16/12/2020, 15.42 WIB

Ternyata masih ada delapan perusahaan yang tidak menerapkan harga patokan mineral atau HPM jual-beli bijih nikel. Pemerintah akan menegur penambang dan pemilik pabrik pemurnian (smelter) tersebut. Bahkan sanksi pencabutan menanti kalau aturan itu tak kunjung mereka laksanakan. 

Direktur Pembinaan dan Pengusahaan Mineral Kementerian Energi dan Sumber Daya Mineral (ESDM) Yunus Saefulhak mengatakan, sebanyak 73 perusahaan telah menerima surat teguran dari pemerintah beberapa waktu lalu. Ada 65 perusahaan yang langsung melaksanakan HPM.

“Saya optimistis lambat laun penerapannya akan berjalan maksimal,” katanya dalam acara Indonesia Mining Outlook 2021, Rabu (16/12). 

Pelaksanaan HPM bertujuan untuk memberikan keadilan bagi pengusaha tambang dan pemilik pabrik pemurnian (smelter). “Ada beberapa perusahaan smelter yang sudah terlalu lama menikmati harga nikel murah,” ucap Yunus.

Harga nikel formula pemerintah cenderung lebih murah dibandingkan untuk ekspor.

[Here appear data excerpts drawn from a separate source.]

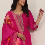 Be the first to review “Pink Woven Design Silk Blend Straight Set”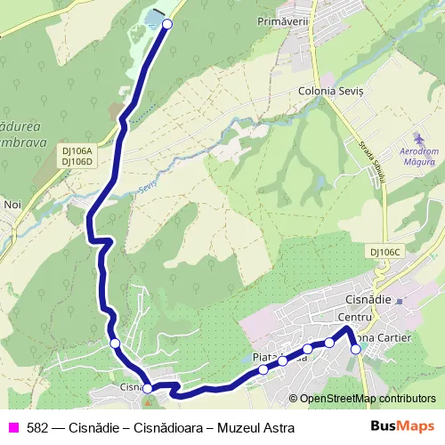 The first stop of the 582 bus route is Muzeul Astra and the last stop is
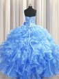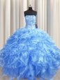 Gorgeous Visible Boning Baby Blue Organza Lace Up Quinceanera Gowns Sleeveless Floor Length Beading and Ruffles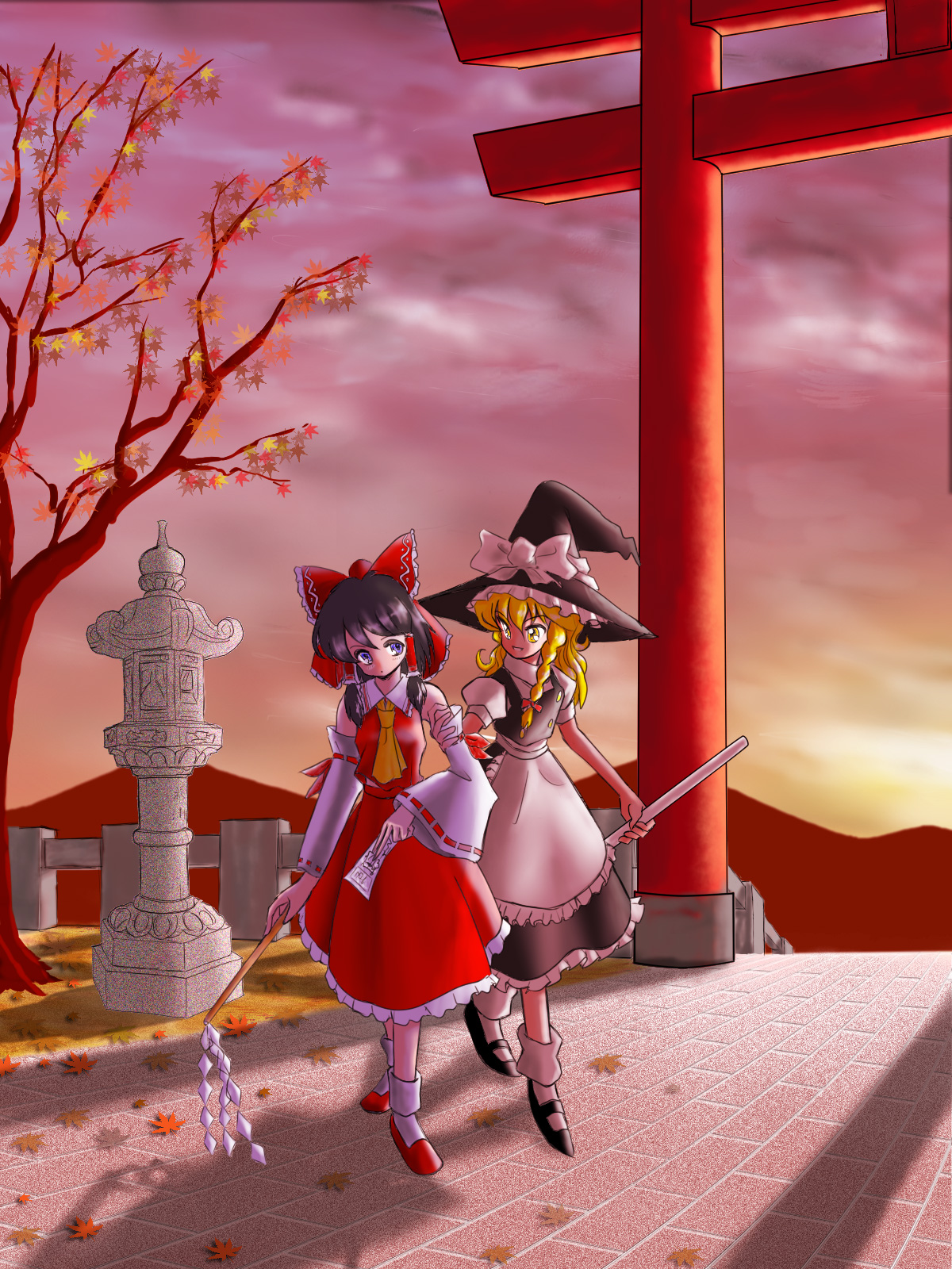 2girlsautumnblack hairblonde hairblue eyesdetached sleevesduskfemale focusgoheihatjapanese clothesleafmikomultiple girlsnatureoonusaoutdoorsplantribbonskirtskystone lanterntoriitreewitchwitch hatyellow eyes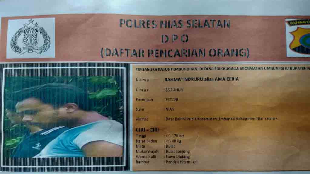 Sementara, dari data yang dibagikan pihak Polres Nisel kepada sejumlah Wartawan dalam bentuk kertas HVS F4, tentang identitas dan ciri-ciri tersangka Rahmat Ndruru yaitu, nama, Rahmat Ndruru Alias Ama Ceria, umur 35 Tahun, pekerjaan Tani, Suku Nias, Alamat Desa Balohilimola, Kecamatan Umbunasi, Kabupaten Nias Selatan.

Tujuannya, agar perusahaan smelter domestik dapat memperoleh bahan baku dengan harga kompetitif. 

Risiko dan biaya investasi smelter jauh lebih besar dibandingkan dengam perusahaan pertambangan nikel. Kondisi itu pula yang membuat pemerintah memberikan insentif, berupa penetapan harga HPM yang relatif lebih kecil dibandingkan pasar internasional. 

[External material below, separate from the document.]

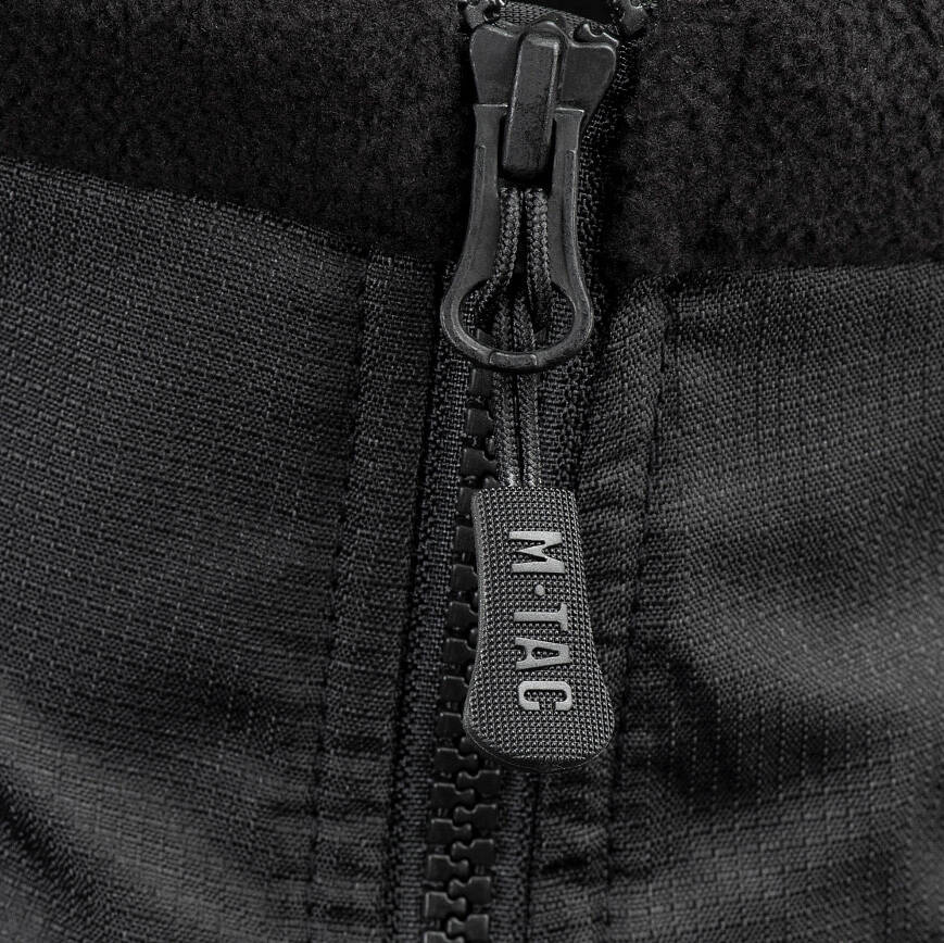 This second-generation fleece jacket from M-Tac is designed to be used instead of the third layer of ECWCS (Extended Cold Weather Clothing System). The product materials are fleece, 100% polyester (Oxford nylon), and laminated polyester mesh. Nylon inserts on the shoulders and sleeves. The jacket fastens with a double-sided plastic zipper. Equipped with five pockets. Velcro panels on the sleeves for attaching ID patches, and nylon windproof inserts on the cuffs. The lining, made of laminated polyester mesh, is soft and pleasant to the touch.

Sekretaris Jenderal APNI Meidy K Lengkey mengatakan kebijakan HPM telah diatur dalam Peraturan Menteri Energi dan Sumber Daya Mineral (ESDM) Nomor 11 Tahun 2020 tentang tata cara penetapan harga patokan penjualan mineral logam dan batu bara. Para pengusaha smelter pun sudah mematuhi aturan tersebut.

Namun, persoalan lainnya adalah biaya angkutan dan asuransi atau cost insurance and freight (CIF) yang masih berlaku. Pihak smelter hanya membayar biaya tongkang US$ 3 per metrik ton. 

Dampaknya, penambang di Maluku, Maluku Utara, Papua, Kolaka Utara (Sulawesi Tenggara), dan Malili (Sulawesi Selatan) harus mensubsidi biaya tongkang US$ 5 sampai US$ 8 metrik ton. Yunus berpendapat perlu diskusi lebih lanjut soal ini antara pemerintah dan pelaku usaha guna mencari solusinya. 

Jumlah Smelter Nikel RI

Sebelumnya, Direktur Jenderal Mineral dan Batu Bara Kementerian ESDM Ridwan Djamaluddin memberikan peringatan pertama bagi penambang maupun smelter nikel yang masih mengabaikan ketentuan HPM.